Н-ну, почти что. Тушила свиные отбивные.
А где?
У Масейо. Упала замертво у плиты.
После похорон так и не вернулась?
Нет. Я думала, ты приедешь, сходишь за ней. Мэй тебе разве не написала?
Написала, но я тогда билась головой об стенку из-за одного прохвоста; жила, правда, при этом в сказочной квартирке.
Это ты о том докторе?
Да, о Кении Рио.
Очередной обмен?
Да ну… Чистой воды купля-продажа. Купил меня, как бутылку джина.

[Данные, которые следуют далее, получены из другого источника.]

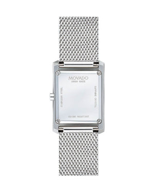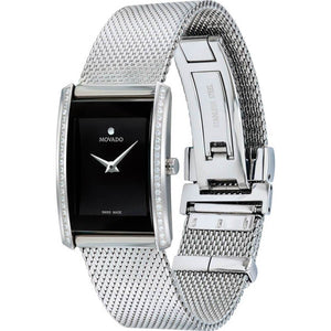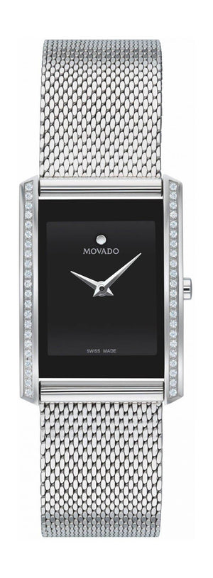Stainless steel case with a stainless steel mesh bracelet. Fixed stainless steel bezel set with diamonds. Black dial with silver-tone dauphine-style hands. No markers. The Movado dot appears at the 12 o'clock position. Dial Type: Analog. Quartz movement. Scratch resistant sapphire crystal. Pull / push crown. Solid case back. Rectangle case shape. Case dimensions: 21 mm x 29 mm. Fold over clasp with a push button release. Water resistant at 30 meters / 100 feet. Functions: hour, minute. Additional Info: case set with 44 diamonds (0.172 t.c.w). La Nouvelle Series. Dress watch style. Watch label: Swiss Made. Movado La Nouvelle Black Dial Ladies Diamond Watch 0607190.

А выпивки, стоит только до кондиции дойти, ты ж понимаешь, требуется покупать все больше и больше. Я уж и так целых три года продержалась. Этакая мисс Катти Сарк
[62].Ты не была ничьей выпивкой.
Так же как и ты.
Кем же тогда я была?
Просто девчонкой. Которая пыталась отыскать место, куда не ведет ни одна улица.
Вот и Л. так говаривала.
Господи, как я по ней скучаю!
Я тоже. Вспоминаю все время.
Могли ведь жить себе припеваючи рука об руку, вместо того чтобы везде искать Великого Папочку.

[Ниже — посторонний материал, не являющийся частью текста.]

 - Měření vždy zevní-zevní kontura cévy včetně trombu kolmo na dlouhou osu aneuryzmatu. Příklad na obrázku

Тут и искать нечего. Он был везде. И нигде в то же время.
Мы что, его выдумали?
Он сам себя выдумал.
Но и без нашей помощи не обошлось.
Да уж, конечно. Сам черт только мог его выдумать.
Видимо, он и выдумал.
Эй, Каллистия!
Даже на языке идагей они никогда не делились друг с дружкой неким секретом, постыдным вдвойне. Каждая думала, что изъян кроется в ней одной. Теперь, сидя на полу и пытаясь презрение и твердость противопоставить измене тела, когда терять стало и нечего, и, наоборот, нависла самая жестокая потеря, та фраза из детства вновь ввергла их во времена, когда не существовало даже невинности, ибо не был придуман ад.
Опять тысяча девятьсот сороковой год. Они одни, вместе идут играть на пляж Л. приготовила им корзинку с завтраком; как обычно, они съедят его в тени и уединении своей «Виллы Каллистии» – перевернутого баркаса, брошенного в прибрежной траве. Они не только дали ему имя, но все внутри вычистили и обустроили. Притащили туда одеяло, из принесенных морем деревяшек соорудили стол, на который поставили две треснутые тарелки и продукты «на всякий пожарный»: консервированные персики, сардины, банку яблочного желе, ореховую пасту и печенье. Обе в купальниках. На Гиде один из купальников Кристины – синий с белыми кантиками. Кристина в желтом с короткой маечкой – топиком, как это теперь называют. Волосы у обеих заплетены в четыре косички, так что прически у них одинаковые, только у Кристины косички гладкие, а у Гиды нет. Уже почти перешли лужайку, когда выяснилось, что они забыли джеки. Гида вызвалась сбегать, а Кристина пока посидит в беседке, посторожит еду.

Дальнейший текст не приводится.